Yesterday we noted how AT&T has announced they are conducting DSL trials that will allow them to offer 80 Mbps broadband service, though we also noted that most of you (given long loop lengths) would probably never see those speeds. We spoke with AT&T about the trial, which the company says will use "pair bonding, vectoring, (and) spectrum management," and "can be done very inexpensively and on a per-user basis." AT&T did not respond to inquiries pressing on the very real distance limitations that seemingly make this "announcement" a little empty.
We talked a bit about the idea with industry analyst Dave Burstein, who spends a lot of time discussing advancements with gear makers. "The chips AT&T is using are mostly designed for up to 50 megabits downstream, so 80 with two bonded is quite reasonable," he says.
"However, what I hear on the business plans of AT&T was they didn't intend to use bonding for higher speed offerings, but only for extending the reach of their 25 megabits of IPTV," he says. "They've long had bonding + DSM as their contingency plan if 50 and 100 megabit cable really hurts, but I've seen no reason to believe that's in the next few years. So this is probably more a "proof of concept" than an indication of likely products," says Burstein.

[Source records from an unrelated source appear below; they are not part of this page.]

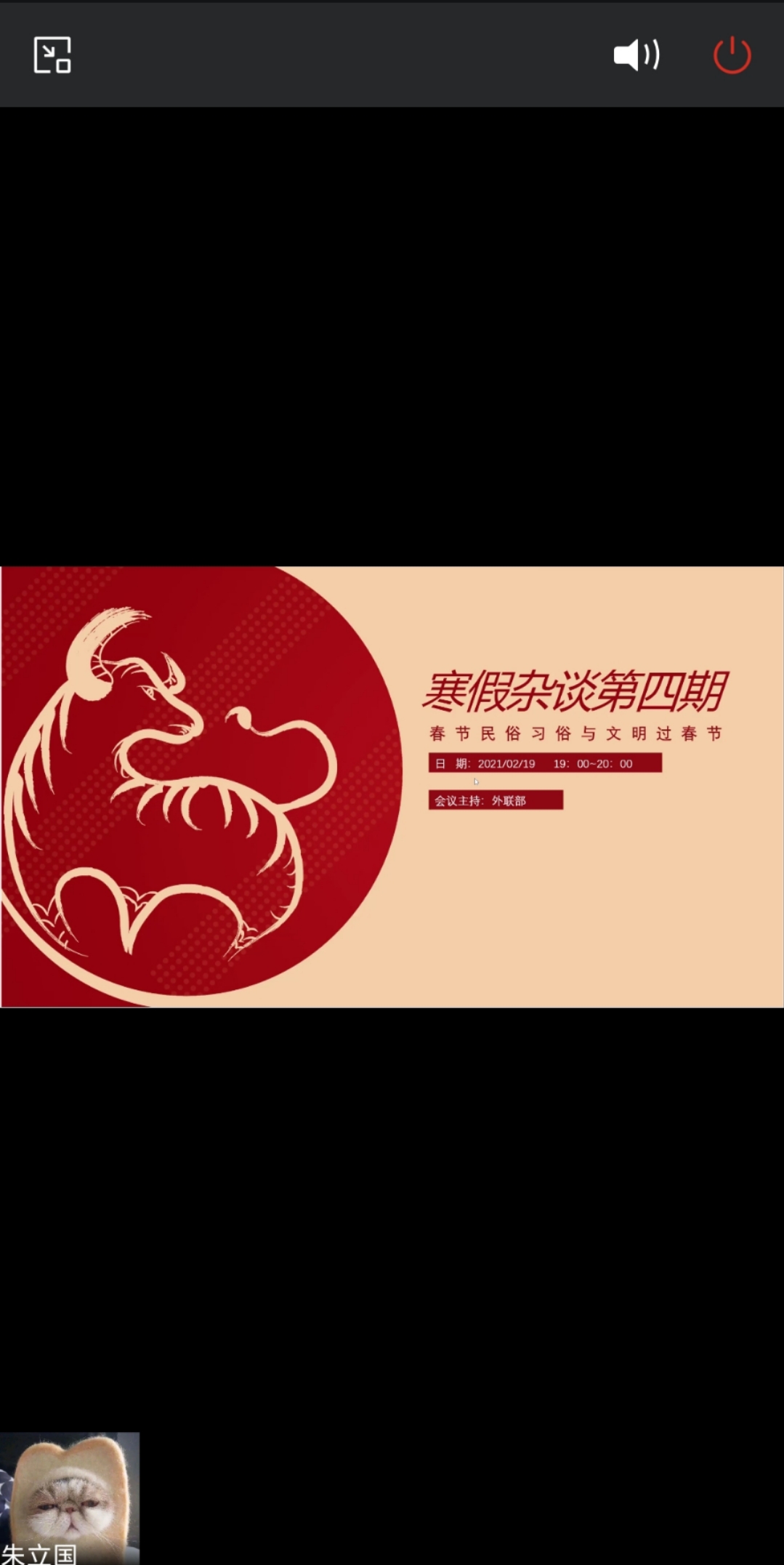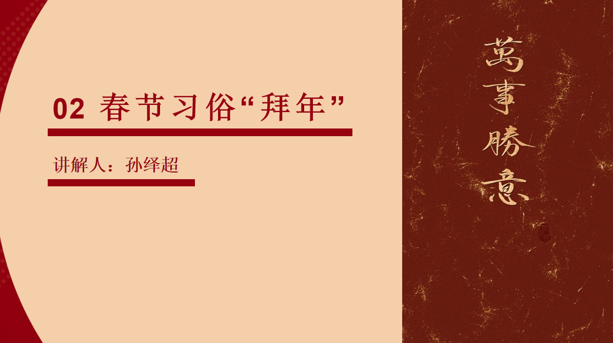 活動開始,由學生會外聯部同學進行簡單的開場介紹,而后同學們依次發言。大家從“年”的由來講到“拜年”的習俗,由年夜飯說到放鞭炮,還有山東地區過春節獨有的地域特色,以及古代和現代過年習俗的異同之處。同學們不僅分享了見聞,也展示了自己在寒假期間的攝影作品和此次過年的感受,最后還不忘提醒大家要遵守各地的疫情防控規定,文明過節。
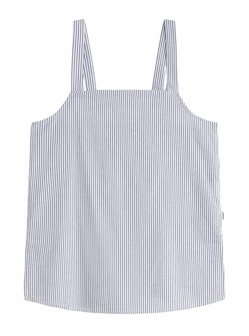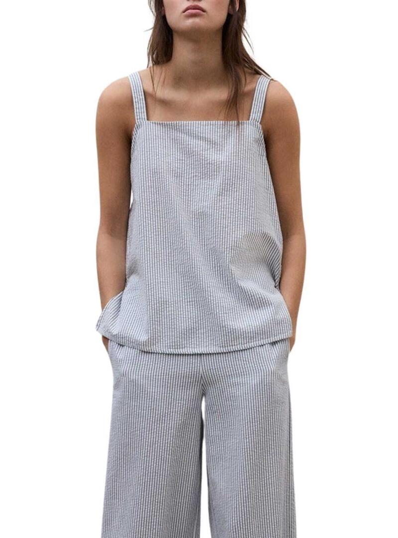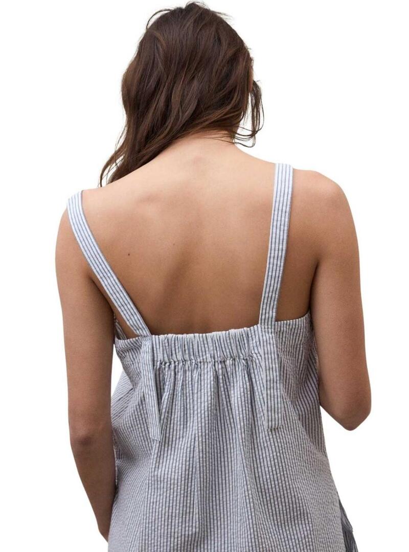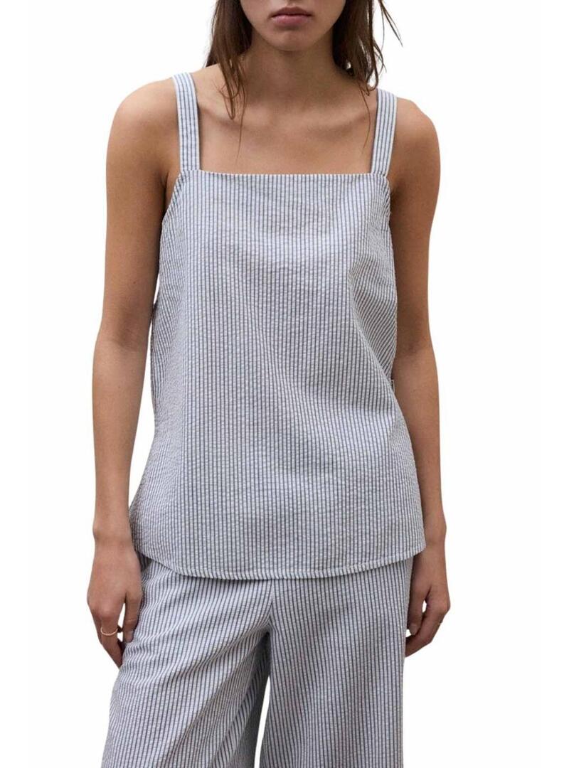 Top Ecoalf. Modello Aria. Stampato a righe blu e bianche. Con spalline. Vestibilità regolare. Scollo quadrato. Fascia elastica sul retro. Aperture laterali. La modella indossa la taglia S.
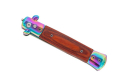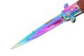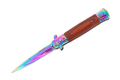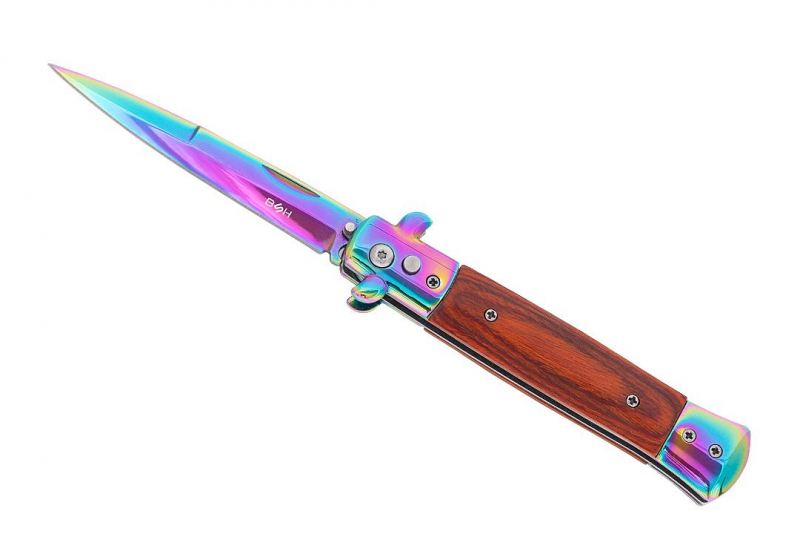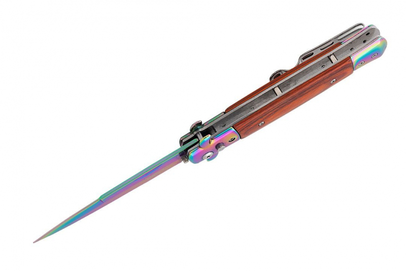 Nóż sprężynowy w kolorze rainbow fade wzorowany na kultowych, włoskich sycylijkach. Wygląda on rewelacyjnie i niezwykle oryginalnie, będzie doskonałym prezentem dla każdego fana noży. Głownia o klasycznym profilu spear point została wykonana z wysokojakościowej stali nierdzewnej typu 420 oraz pokryta mieniącą się warstwą ochronną. Materiał ten posiada wyjątkowo wysokie właściwości antykorozyjne. Smukła, wydłużona głownia jest doskonale wyprofilowana do zadawania pchnięć. Wykonana ze stali i drewnianych okładzin rękojeść jest bardzo wygodna, dobrze leży w dłoni i pozwala na pewny uchwyt. Włoski nóż sprężynowy posiada bolster pełniący funkcję jelca, który zabezpiecza dłoń przed zsunięciem się w stronę krawędzi tnącej. Uruchomienie mechanizmu sprężynowego następuje po wciśnięciu niewielkiego przycisku znajdującego się na rękojeści. Przycisk ten jest odpowiedzialny także, za zwolnienie blokady przy chowaniu ostrza. Sam moment wysunięcia jest błyskawiczny i wyjątkowo płynny. Nóż sprężynowy posiada dodatkową blokadę typu plunge, która zabezpiecza nóż przed niepożądanym otwarciem.
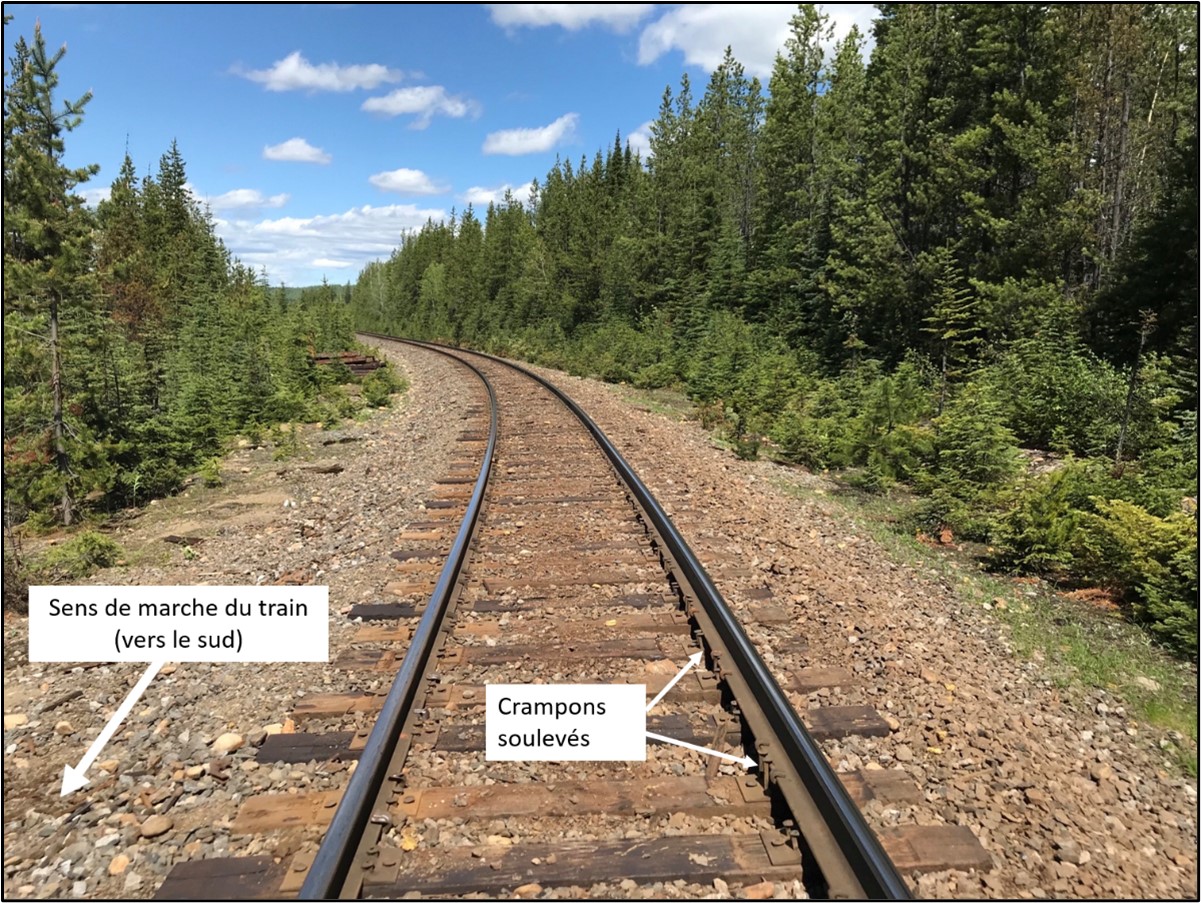 En direction sud, la courbe de 8° commence aux environs du point milliaire 548 et s’étend sur une distance de 1278 pieds. Le dévers de la courbe est de 3,51 poucesNote de bas de page 3 . Le dévers équilibré (c’est-à-dire le dévers qui permet de compenser entièrement l’effet de la force centrifuge) dans une courbe de 8° à une vitesse de 30 mi/h est de 5 pouces. Les Normes de la voie de l’Ingénierie du CN prévoient un dévers maximal de 5 pouces et permettent aux courbes d’avoir un dévers de jusqu’à 2 pouces inférieur au dévers équilibré; le RSV permet un dévers de jusqu’à 3 pouces inférieur au dévers équilibré. Toutefois, lorsque le dévers est insuffisant dans les courbes où l’on compte un grand nombre de traverses défectueuses, les forces exercées par les trains peuvent provoquer le soulèvement des crampons du côté intérieur de la voie lorsque le rail haut roule ou sort des selles.

Burstein acknowledges that given distance constraints and the fact these lines must share space with U-Verse HD streams (up to three at this point), this is "mostly" a PR stunt. Meanwhile, Stacey Higginbotham at GigaOM had a chance to talk with AT&T's John Stankey, who gave her a little more insight into AT&T's thinking. Essentially, AT&T isn't worried about Comcast 50 Mbps service encroaching on their territory, because
they don't think users want those speeds yet:
quote:
"We’ve been doing wired broadband for 10 years and we have meaningful curves in terms of speeds and demand that are statistically accurate and predictable." Based on those curves Stankey said AT&T knows exactly how much data and throughput are needed as opposed to choosing a "nice round number" to shoot for. "We feel comfortable...based on how we deploy, that we can match the needs of the customer," Stankey said. For example, Stankey said that AT&T could extend fiber further along the local copper loop and then reduce the number of homes served by each neighborhood cabinet and shorten the distance bits have to travel over the last-mile copper.
Note there's no mention of
upstream speeds, or the fact that millions of AT&T customers only see top speeds of 6 Mbps. Comcast's triple play is not only helping the company leech AT&T landline customers, but they're also adding more broadband users per quarter (drawn in part by faster speeds). AT&T long ago decided to make the bet that they could please investors now (avoiding costly FTTH deployments) and make up ground later. The next three to five years are going to test that decision, though there's still nothing (except investor fear) blocking a move to FTTH down the road.